Even though they have made public statements that they have taken steps to address the root cause of the breach, given the above policy there is no indication that LinkedIn feel it necessary to obtain a third-party review for validation of their enhanced privacy and security measures.  Granted, given the nature of the information they collect and store they may not feel compelled to do so, and you may not require it, but at the very least you should expect the passwords to be secure.

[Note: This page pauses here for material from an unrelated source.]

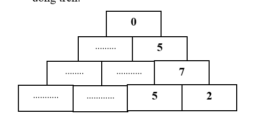 Bài 12: Điền số thích hợp vào chỗ chấm trong hình sau đây, sao cho tổng hai số nằm trong hai ô cạnh nhau trên mỗi dòng thì bằng số nằm trong ô kề với hai ô đó ở dòng trên

The first step in managing risk is to identify it.  In this case because of the breach, the unanswered questions*, the lack of a third-party review, and their privacy policy, you are accepting a higher level of residual risk with them than you would normally find acceptable in another vendor.  You can still rationalize your decision strategically, but you must quantify the expected return and then document that the return justifies the increased risk.  And then do the same for your other social media efforts!

 

*Indeed there are several issues raised by this breach that are yet to be answered:  How did it occur?  Could the breach be worse than disclosed?  Why did they encrypt the passwords using the older SHA1 hash algorithm?  Why did they not salt the hashes?  Why didn’t they have a CIO?  Did they truly use industry standards to secure your information?  If they did, those standards are clearly inadequate, so will they now exceed industry standards?

09 Jan 2012

Another incident management table-top training exercise

I’ve mentioned before that financial institutions would be wise to use news reports of security incidents as “what if” table-top training exercises.  Here is another one that just occurred a couple of days ago:

Test scenario:

  • You receive a subpoena from a government agency requesting financial information on several customers.  The subpoena includes names and social security numbers for the customers involved.
    • (Your privacy policy probably contains verbiage similar to this:  “Social Security numbers may only be accessed by and disclosed to <bank employees> and others with a legitimate business “need to know” in accordance with applicable laws and regulations”, or perhaps you state that you will disclose only if “…responding to court orders and legal investigations”.)
  • You determine that information disclosure is necessary and appropriate in this case, and you provide the information.
  •  Although there is nothing in your privacy policy that requires it, you then decide that you will notify the affected customers that their information was disclosed pursuant to a legal request.
  • You send a letter to each affected customer explaining the reasons for the disclosure, as well as what information was disclosed.
  • You include a copy of the original subpoena in the letter to the affected customers in it’s original form, including the names and social security numbers of all of the affected customers.  In other words, you did not redact information pertaining to everyone other than the intended recipient of the letter, all affected customers received everyone else’s information in addition to their own.

Discussion topics:

  1. Does this qualify as  a “security incident” as it is defined by your Incident Response Plan?  It is clearly not an intrusion, but it does qualify as an irregular or adverse event which negatively impact the confidentiality of customer non-public information.
  2. Is customer or regulator notification required?  In order to answer this question, answer the following:  “Has misuse of non-public information occurred, or is it reasonably possible that misuse could occur?”  If the answer is “yes”, customer and regulator notification is required, as well as credit monitoring services, ID theft insurance, credit freeze activation, and any other remedies the law, and your policies, require.
  3. Is a Suspicious Activity Report filing required?  (Perhaps not, but I would err on the side of caution.)
  4. What, if anything, would we do differently?  Under what exact circumstances will we disclose customer NPI?  If disclosed, will we notify the affected customer?  What are the legal implications?

Use these real world examples to fine tune your incident management policies and procedures.  Perhaps they will prevent you from becoming someone else’s training exercise!